The Assumption That Nearly Led Astray
The assistant made a significant incorrect assumption earlier in the session: that the PCE path was the likely culprit. This was reasonable given the recent changes to constraint system initialization, but it turned out to be wrong. The 100% failure rate with PCE disabled conclusively disproved this hypothesis. The assistant's willingness to test this assumption empirically — by deploying a configuration change to the remote host and waiting for a proof to complete — was the right debugging discipline.
A subtler assumption was that the CUDA_VISIBLE_DEVICES race was the primary mechanism of failure. While the race is real and problematic, the deeper issue turned out to be that select_gpu(0) always picks GPU 0 regardless of the environment variable, making the mutex-per-GPU design fundamentally broken for the num_circuits=1 case. The race condition is a symptom, not the root cause.
The Thinking Process
The assistant's reasoning in this portion of the session follows a clear arc: observe the failure (100% invalid proofs), form a hypothesis (PCE corruption), test it (disable PCE), discard it when falsified, then follow the user's clue (only one GPU active) into the GPU selection code.

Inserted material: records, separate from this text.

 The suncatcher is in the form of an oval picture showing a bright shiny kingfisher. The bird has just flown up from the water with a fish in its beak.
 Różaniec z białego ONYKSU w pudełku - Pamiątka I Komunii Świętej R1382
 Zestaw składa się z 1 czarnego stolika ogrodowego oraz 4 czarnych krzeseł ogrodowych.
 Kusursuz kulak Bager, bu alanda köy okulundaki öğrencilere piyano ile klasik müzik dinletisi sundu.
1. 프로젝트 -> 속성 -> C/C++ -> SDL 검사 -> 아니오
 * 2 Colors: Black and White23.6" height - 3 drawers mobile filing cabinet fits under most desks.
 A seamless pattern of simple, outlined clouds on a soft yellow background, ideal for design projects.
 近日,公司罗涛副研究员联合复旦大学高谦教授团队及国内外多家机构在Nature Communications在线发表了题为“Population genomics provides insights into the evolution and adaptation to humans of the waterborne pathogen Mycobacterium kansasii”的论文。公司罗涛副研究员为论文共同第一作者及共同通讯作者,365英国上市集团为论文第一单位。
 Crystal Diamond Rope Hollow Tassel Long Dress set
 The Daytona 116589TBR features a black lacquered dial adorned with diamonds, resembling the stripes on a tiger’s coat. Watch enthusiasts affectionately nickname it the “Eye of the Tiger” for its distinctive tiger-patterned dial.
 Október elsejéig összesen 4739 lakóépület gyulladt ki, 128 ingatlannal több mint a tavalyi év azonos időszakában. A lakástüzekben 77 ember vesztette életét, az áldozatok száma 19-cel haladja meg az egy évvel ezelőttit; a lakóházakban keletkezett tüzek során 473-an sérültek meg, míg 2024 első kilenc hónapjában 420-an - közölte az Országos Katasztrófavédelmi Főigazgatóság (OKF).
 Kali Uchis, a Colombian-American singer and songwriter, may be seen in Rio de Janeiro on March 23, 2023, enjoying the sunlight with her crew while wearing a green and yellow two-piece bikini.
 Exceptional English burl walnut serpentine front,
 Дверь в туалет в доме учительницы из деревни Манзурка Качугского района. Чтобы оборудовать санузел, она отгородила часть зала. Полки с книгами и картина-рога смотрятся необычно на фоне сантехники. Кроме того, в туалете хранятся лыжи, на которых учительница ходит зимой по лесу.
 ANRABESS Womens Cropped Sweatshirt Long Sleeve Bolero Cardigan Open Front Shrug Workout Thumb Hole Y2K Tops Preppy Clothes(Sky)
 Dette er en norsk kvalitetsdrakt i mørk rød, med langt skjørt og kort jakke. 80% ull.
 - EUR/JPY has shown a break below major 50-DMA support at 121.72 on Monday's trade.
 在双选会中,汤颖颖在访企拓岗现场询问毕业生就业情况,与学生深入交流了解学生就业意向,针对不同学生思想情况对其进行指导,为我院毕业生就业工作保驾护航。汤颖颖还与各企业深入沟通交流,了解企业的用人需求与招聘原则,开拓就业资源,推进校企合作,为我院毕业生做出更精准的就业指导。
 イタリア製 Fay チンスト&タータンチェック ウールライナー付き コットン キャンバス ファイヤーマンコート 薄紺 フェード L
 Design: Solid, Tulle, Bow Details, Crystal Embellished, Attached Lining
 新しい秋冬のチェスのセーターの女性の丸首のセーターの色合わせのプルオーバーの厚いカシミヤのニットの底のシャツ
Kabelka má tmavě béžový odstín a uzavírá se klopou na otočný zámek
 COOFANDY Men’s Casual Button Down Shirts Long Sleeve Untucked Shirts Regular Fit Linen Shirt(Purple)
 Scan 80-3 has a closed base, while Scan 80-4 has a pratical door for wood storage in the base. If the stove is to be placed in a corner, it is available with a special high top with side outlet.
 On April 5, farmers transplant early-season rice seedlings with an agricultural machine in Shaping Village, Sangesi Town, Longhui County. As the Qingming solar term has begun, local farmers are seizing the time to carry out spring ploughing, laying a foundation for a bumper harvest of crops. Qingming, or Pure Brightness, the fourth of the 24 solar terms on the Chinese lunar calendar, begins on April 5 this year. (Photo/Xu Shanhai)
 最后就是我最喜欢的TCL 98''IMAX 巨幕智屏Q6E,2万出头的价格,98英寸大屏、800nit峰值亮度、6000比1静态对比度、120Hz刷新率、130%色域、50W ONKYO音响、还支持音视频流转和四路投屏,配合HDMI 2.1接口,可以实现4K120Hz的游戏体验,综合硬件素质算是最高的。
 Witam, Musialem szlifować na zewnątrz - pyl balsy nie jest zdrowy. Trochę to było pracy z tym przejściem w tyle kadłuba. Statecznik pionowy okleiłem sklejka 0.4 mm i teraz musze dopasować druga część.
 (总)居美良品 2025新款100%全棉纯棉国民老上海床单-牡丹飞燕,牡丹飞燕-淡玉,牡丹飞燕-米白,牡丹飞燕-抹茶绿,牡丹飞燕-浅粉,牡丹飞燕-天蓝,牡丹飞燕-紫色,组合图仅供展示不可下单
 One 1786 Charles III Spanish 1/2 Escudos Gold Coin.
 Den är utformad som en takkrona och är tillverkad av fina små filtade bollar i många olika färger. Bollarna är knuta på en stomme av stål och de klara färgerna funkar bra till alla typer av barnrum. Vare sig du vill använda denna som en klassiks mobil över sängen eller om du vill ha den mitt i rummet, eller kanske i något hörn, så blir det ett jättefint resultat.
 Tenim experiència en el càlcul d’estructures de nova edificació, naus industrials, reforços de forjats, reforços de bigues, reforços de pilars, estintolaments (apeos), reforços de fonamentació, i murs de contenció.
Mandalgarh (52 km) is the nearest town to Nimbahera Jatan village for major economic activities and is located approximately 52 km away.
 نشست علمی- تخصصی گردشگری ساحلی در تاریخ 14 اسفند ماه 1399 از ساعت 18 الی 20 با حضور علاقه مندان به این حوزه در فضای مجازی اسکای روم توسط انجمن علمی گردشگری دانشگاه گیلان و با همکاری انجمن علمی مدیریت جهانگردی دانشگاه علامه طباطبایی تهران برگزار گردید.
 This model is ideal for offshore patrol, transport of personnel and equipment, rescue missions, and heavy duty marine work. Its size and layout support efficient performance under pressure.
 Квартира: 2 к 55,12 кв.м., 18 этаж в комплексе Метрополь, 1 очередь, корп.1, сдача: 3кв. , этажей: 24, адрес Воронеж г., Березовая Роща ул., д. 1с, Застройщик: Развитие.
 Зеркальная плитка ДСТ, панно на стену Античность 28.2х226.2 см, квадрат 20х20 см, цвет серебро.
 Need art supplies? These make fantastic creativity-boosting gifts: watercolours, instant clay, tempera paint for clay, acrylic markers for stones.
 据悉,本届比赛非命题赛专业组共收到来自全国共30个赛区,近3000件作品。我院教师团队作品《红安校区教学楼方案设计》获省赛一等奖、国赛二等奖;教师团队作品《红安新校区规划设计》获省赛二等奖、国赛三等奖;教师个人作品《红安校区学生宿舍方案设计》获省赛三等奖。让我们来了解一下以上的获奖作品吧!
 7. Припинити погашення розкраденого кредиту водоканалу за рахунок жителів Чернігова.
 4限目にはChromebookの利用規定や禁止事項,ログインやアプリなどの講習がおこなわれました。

Each read call peels back another layer: first the Rust engine code that calls set_var, then the C++ CUDA kernel that calls select_gpu, then the sppark utility that initializes the GPU list, and finally the FFI wrapper that bridges the two worlds. Message 296 is the last of these reads — the assistant is verifying that the C++ API doesn't accept a GPU ordinal parameter, confirming that the fix must be on the Rust side.
The Fix That Followed
The correct fix, which the assistant implemented in the subsequent chunk, was to use a single shared mutex for all workers when num_circuits=1 (the partitioned proof case). Since the C++ code internally serializes all GPU work to the same physical GPU 0, a single mutex provides the necessary mutual exclusion. This was applied via an edit to engine.rs and deployed to the remote host.
Message 296, in isolation, is just a file read. But in context, it is the moment when the assistant confirmed the architecture of the GPU selection mechanism and solidified the understanding that led to the correct fix. It is a testament to the value of reading the source code — not just the code you wrote, but the code you depend on.